> What is being asked
Exclude all pictures from your copy of the data below, which should otherwise match exactly.

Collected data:
···

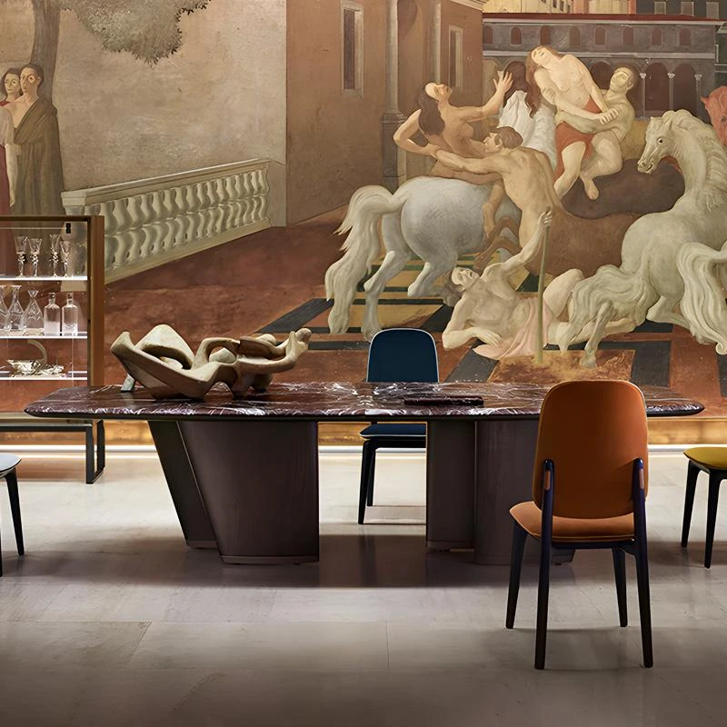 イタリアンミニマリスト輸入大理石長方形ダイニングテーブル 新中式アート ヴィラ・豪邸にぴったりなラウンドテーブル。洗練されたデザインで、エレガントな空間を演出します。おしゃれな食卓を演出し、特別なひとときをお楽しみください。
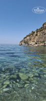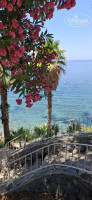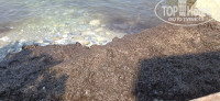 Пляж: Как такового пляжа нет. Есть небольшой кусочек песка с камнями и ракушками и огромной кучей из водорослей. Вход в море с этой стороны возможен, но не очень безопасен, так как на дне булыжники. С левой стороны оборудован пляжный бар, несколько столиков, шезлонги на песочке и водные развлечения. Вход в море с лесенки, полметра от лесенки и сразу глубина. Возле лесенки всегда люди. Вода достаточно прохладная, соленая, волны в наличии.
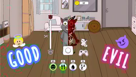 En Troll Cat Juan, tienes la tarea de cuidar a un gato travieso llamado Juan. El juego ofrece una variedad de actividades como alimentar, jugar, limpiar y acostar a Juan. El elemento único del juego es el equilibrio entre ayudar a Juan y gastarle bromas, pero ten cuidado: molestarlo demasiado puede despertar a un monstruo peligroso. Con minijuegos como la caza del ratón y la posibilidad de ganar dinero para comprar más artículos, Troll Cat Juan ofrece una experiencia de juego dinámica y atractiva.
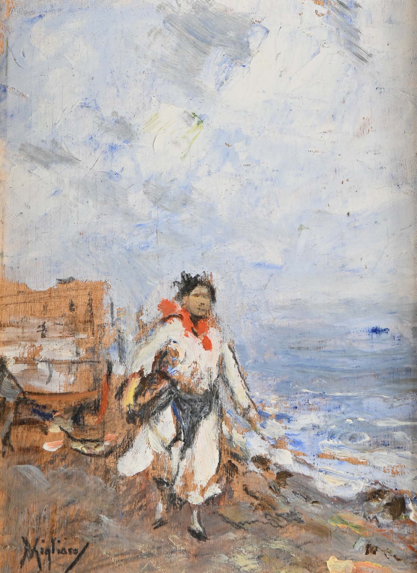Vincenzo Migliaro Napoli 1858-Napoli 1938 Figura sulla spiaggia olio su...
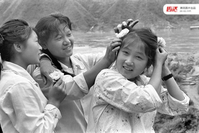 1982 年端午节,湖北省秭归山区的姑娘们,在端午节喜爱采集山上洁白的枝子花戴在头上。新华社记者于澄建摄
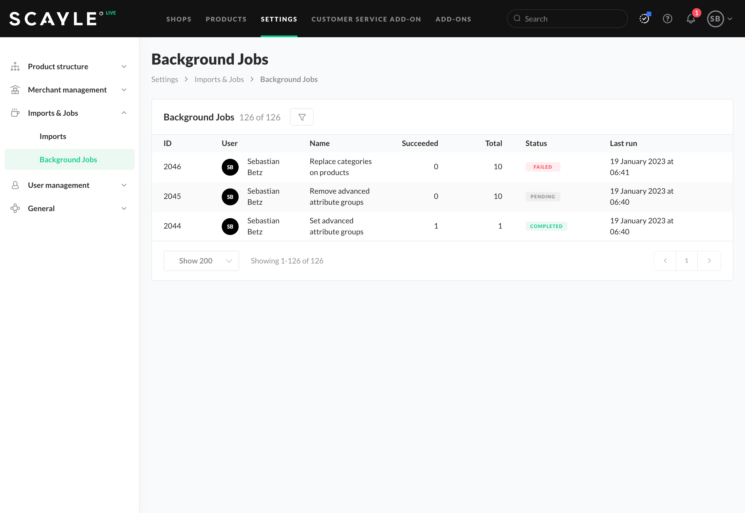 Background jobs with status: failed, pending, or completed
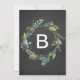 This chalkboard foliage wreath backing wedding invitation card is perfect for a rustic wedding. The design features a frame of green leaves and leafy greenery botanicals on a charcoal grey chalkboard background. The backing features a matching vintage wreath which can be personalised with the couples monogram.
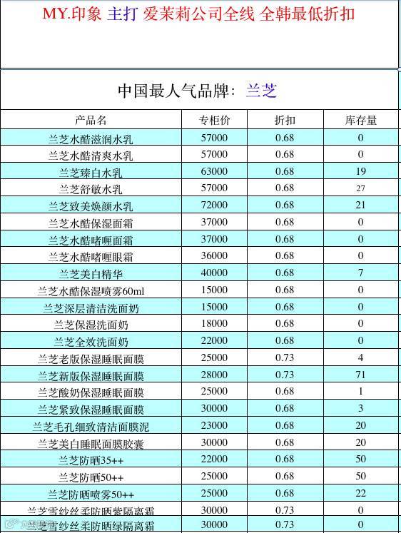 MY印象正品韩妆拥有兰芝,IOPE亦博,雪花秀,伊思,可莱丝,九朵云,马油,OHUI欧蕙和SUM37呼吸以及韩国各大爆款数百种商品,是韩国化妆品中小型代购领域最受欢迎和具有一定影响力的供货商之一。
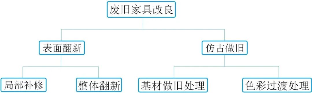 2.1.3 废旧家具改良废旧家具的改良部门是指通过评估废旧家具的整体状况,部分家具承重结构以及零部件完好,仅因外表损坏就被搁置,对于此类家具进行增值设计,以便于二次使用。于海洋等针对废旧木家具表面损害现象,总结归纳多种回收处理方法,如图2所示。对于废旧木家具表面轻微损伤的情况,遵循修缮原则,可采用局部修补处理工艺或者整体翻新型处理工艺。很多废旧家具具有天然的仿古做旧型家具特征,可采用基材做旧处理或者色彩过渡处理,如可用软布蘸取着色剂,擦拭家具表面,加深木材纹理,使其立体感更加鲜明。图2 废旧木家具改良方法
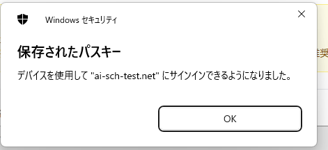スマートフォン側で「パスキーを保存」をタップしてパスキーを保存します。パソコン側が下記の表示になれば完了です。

···

> Answer to this task
 イタリアンミニマリスト輸入大理石長方形ダイニングテーブル 新中式アート ヴィラ・豪邸にぴったりなラウンドテーブル。洗練されたデザインで、エレガントな空間を演出します。おしゃれな食卓を演出し、特別なひとときをお楽しみください。
 Пляж: Как такового пляжа нет. Есть небольшой кусочек песка с камнями и ракушками и огромной кучей из водорослей. Вход в море с этой стороны возможен, но не очень безопасен, так как на дне булыжники. С левой стороны оборудован пляжный бар, несколько столиков, шезлонги на песочке и водные развлечения. Вход в море с лесенки, полметра от лесенки и сразу глубина. Возле лесенки всегда люди. Вода достаточно прохладная, соленая, волны в наличии.
 En Troll Cat Juan, tienes la tarea de cuidar a un gato travieso llamado Juan. El juego ofrece una variedad de actividades como alimentar, jugar, limpiar y acostar a Juan. El elemento único del juego es el equilibrio entre ayudar a Juan y gastarle bromas, pero ten cuidado: molestarlo demasiado puede despertar a un monstruo peligroso. Con minijuegos como la caza del ratón y la posibilidad de ganar dinero para comprar más artículos, Troll Cat Juan ofrece una experiencia de juego dinámica y atractiva.
Vincenzo Migliaro Napoli 1858-Napoli 1938 Figura sulla spiaggia olio su...
 1982 年端午节,湖北省秭归山区的姑娘们,在端午节喜爱采集山上洁白的枝子花戴在头上。新华社记者于澄建摄
 Background jobs with status: failed, pending, or completed
 This chalkboard foliage wreath backing wedding invitation card is perfect for a rustic wedding. The design features a frame of green leaves and leafy greenery botanicals on a charcoal grey chalkboard background. The backing features a matching vintage wreath which can be personalised with the couples monogram.
 MY印象正品韩妆拥有兰芝,IOPE亦博,雪花秀,伊思,可莱丝,九朵云,马油,OHUI欧蕙和SUM37呼吸以及韩国各大爆款数百种商品,是韩国化妆品中小型代购领域最受欢迎和具有一定影响力的供货商之一。
 2.1.3 废旧家具改良废旧家具的改良部门是指通过评估废旧家具的整体状况,部分家具承重结构以及零部件完好,仅因外表损坏就被搁置,对于此类家具进行增值设计,以便于二次使用。于海洋等针对废旧木家具表面损害现象,总结归纳多种回收处理方法,如图2所示。对于废旧木家具表面轻微损伤的情况,遵循修缮原则,可采用局部修补处理工艺或者整体翻新型处理工艺。很多废旧家具具有天然的仿古做旧型家具特征,可采用基材做旧处理或者色彩过渡处理,如可用软布蘸取着色剂,擦拭家具表面,加深木材纹理,使其立体感更加鲜明。图2 废旧木家具改良方法
スマートフォン側で「パスキーを保存」をタップしてパスキーを保存します。パソコン側が下記の表示になれば完了です。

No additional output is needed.